Polling now shows the Harris campaign surging, largely by pulling these same voters back into supporting the Democratic nominee. The campaign also hopes that the word freedom has more cross-party appeal. It’s language that has been associated with Republicans, most recently during George W. Bush’s administration. In the wake of 9/11, Bush described freedom as under attack, and it became both a rallying cry and an expression of partisan support for Bush. If you called them freedom fries, you were definitely a Republican.

In a recent New York Times report, Democratic officials stressed that the campaign was reclaiming appeals to liberty. And there is a taste of that in the campaign’s rhetoric, embodied most specifically in the mantras now associated with Vice Presidential nominee Tim Walz. “There’s a golden rule,” he says on the stump, “mind your own damn business!” He calls out Republicans for sending the government into private spaces like the bedroom and the doctor’s office. This is what political theorists call negative liberty, the idea that freedom exists in the absence of restriction. 

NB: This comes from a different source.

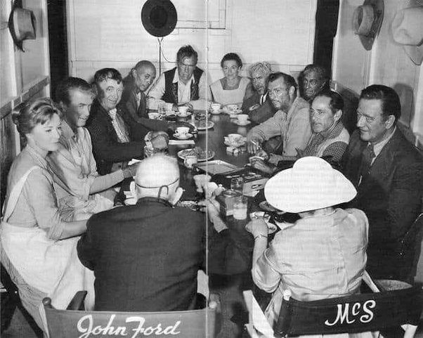 Must be the cast from The Man Who Shot Liberty Valance. I’m not going to get them all, but I see Jimmy Stewart, John Wayne, Lee Marvin, Woody Strode, Lee Van Cleef, Edmond O’Brien, & Vera Miles. John Ford directed.

But Walz is actually an ambassador of a much more expansive view of freedom, or positive liberty. The idea that freedom is found in the preconditions to opportunity. In his address to the convention Wednesday night, Walz not only asked the government to leave people alone but also praised a vision of America in which neighbors look out for each other and housing and health care are rights—that’s not an absence of government but a major role for it. It’s a political tradition with a long history. In 1941, Roosevelt combined these two sides of the liberty coin when he called for freedom of speech, freedom of worship, freedom from want, and freedom from fear.

The Harris-Walz campaign is calling for many more freedoms. So many, in fact, that in the final months of the campaign the word could lose all sense of meaning. In a video that aired on the third night, voters spoke directly to the camera about what freedom means to them, from “choice” to “the ability to laugh with friends.” By the end of the video, the narrative thread about freedom had been buried in platitudes. The final freedom was “the freedom to work together.”

There are also a few freedoms that are conspicuously absent. The uncommitted delegates urging an end to the war in Gaza and a large portion of the Democratic base would appreciate freedom from bombing, war, and genocide included on the list. 

The freedom argument is “a way for Americans to identify with the scope of things that the Harris campaign wants to do” and “a larger context for us to think about what’s really at stake in the election,” says Guy Cecil, a Democratic strategist. “So freedom involves saving democracy. Freedom involves protecting reproductive rights. Freedom involves making sure the Project 2025 agenda against LGBTQ people isn’t enacted.”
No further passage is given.